The consequences have been especially horrific for children, who make up about half the affected population. More than 400 children have been killed in the floods, and many more injured. UNICEF reports that at least 3.4 million children need urgent humanitarian assistance and are at increased risk of waterborne diseases, drowning, and malnutrition. Most of the approximately16 million affected children are without homes, lack access to safe drinking water, and are living in unsanitary conditions.

The situation is exacerbated by the fact that the 72 worst-hit districts in Pakistan already had high levels of poverty and impaired growth and development among children.

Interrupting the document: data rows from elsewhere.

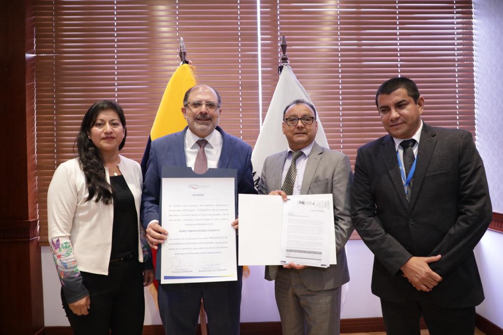 El Director Ejecutivo de la Asociación de Municipalidades Ecuatorianas (AME), Johnny Firmat, en representación de Patricio Maldonado, presidente de AME, el Comité Ejecutivo y de los 221 municipios del Ecuador participó de una reunión de trabajo con Henry Kronfle y varios asambleístas para poner en conocimiento sobre los valores pendientes que el Gobierno Nacional mantiene con los gobiernos locales y que afectan a la implementación de obra pública, generación de servicios básicos y la generación de empleo local.
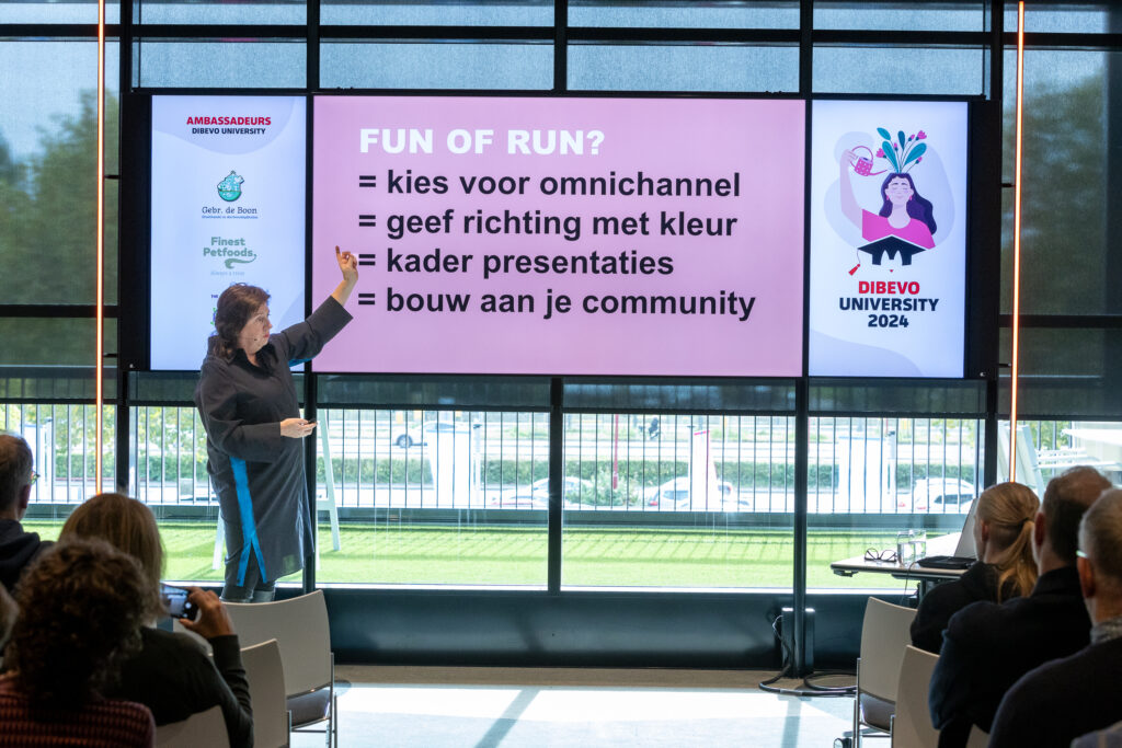 Een ander belangrijk aandachtspunt voor de toekomst van fysieke winkels is het zorgvuldig vormgeven van onze winkels met een sterke focus op de kernvraag; is de consument op zoek naar snelheid en gemak of juist naar extra beleving? Hiervoor heeft retailprofessional Carin Frijters tijdens haar Dibevo-talk twee concepten geïntroduceerd: RUN en FUN.
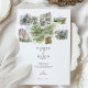 The front presents a panoramic Yosemite valley scene with multiple vignettes - towering cliffs, waterfalls, alpine meadows, and a grove of giant sequoias - above an airy, minimalist layout for your wedding details in elegant serif typography. The coordinating back continues the illustrated map concept, perfect for adding extra information while keeping the nature-inspired theme cohesive. Fully customizable text makes this design ideal for national park weddings, mountain elopements, hiking couples, or anyone planning a destination celebration surrounded by granite peaks and evergreen forests.
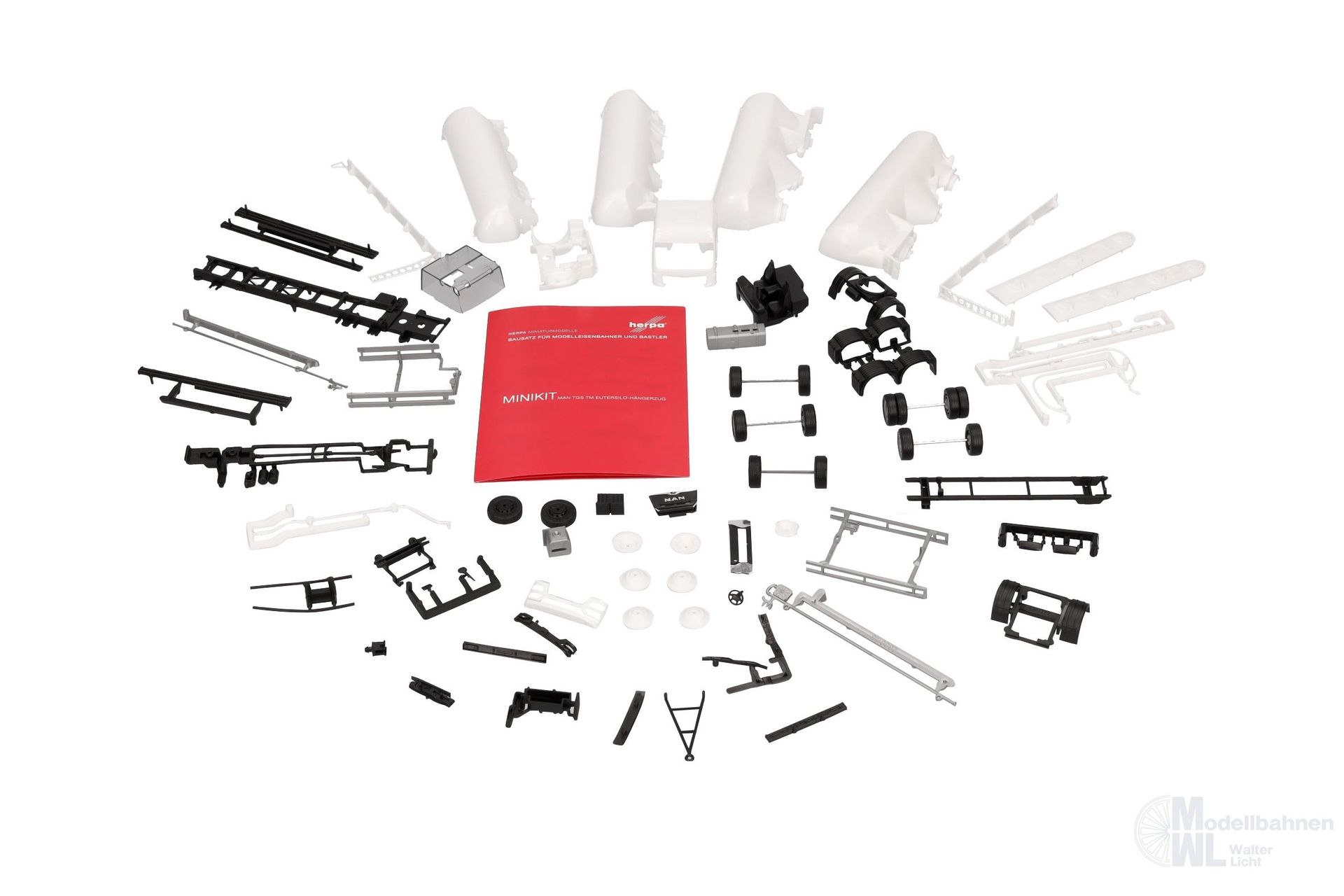 Mit neuem MAN TGS NN Fahrerhaus wird der Silo-Hängerzug nun auch zur freien Gestaltung als Minikit-Bausatz in weißer mGrundfarbe angeboten

The floods have also fully or partially destroyed more than 18,000 schools.

The hardest-hit province, Sindh, has had nearly 16,000 schools destroyed alone. Another 5,500 schools are being used to house families displaced by the floods. Thousands of kilometers of road and dozens of bridges have been destroyed, further hindering access to schools and hospitals. Pakistan was already facing an education emergency before the flooding began, with more than 22.8 million children between the ages of 5-16 out of school nationwide. Pakistan is among the countries most vulnerable to climate change. While research on the attribution of the floods to climate change is ongoing, Pakistan faces rates of warming considerably above the global average, making extreme climate events more frequent and intense.

These events are particularly threatening for marginalized and at-risk populations, including children. UNICEF’s Children’s Climate Risk Index classifies Pakistan as the country in Asia where children are most at risk.

The international community and Pakistani authorities should prioritize the well-being of children in rescue, relief, and rehabilitation processes related to weather crises.

The countries most historically responsible for climate change, including top emitters in Europe and North America, should also support Pakistan and other threatened countries in dealing with disasters exacerbated by climate change.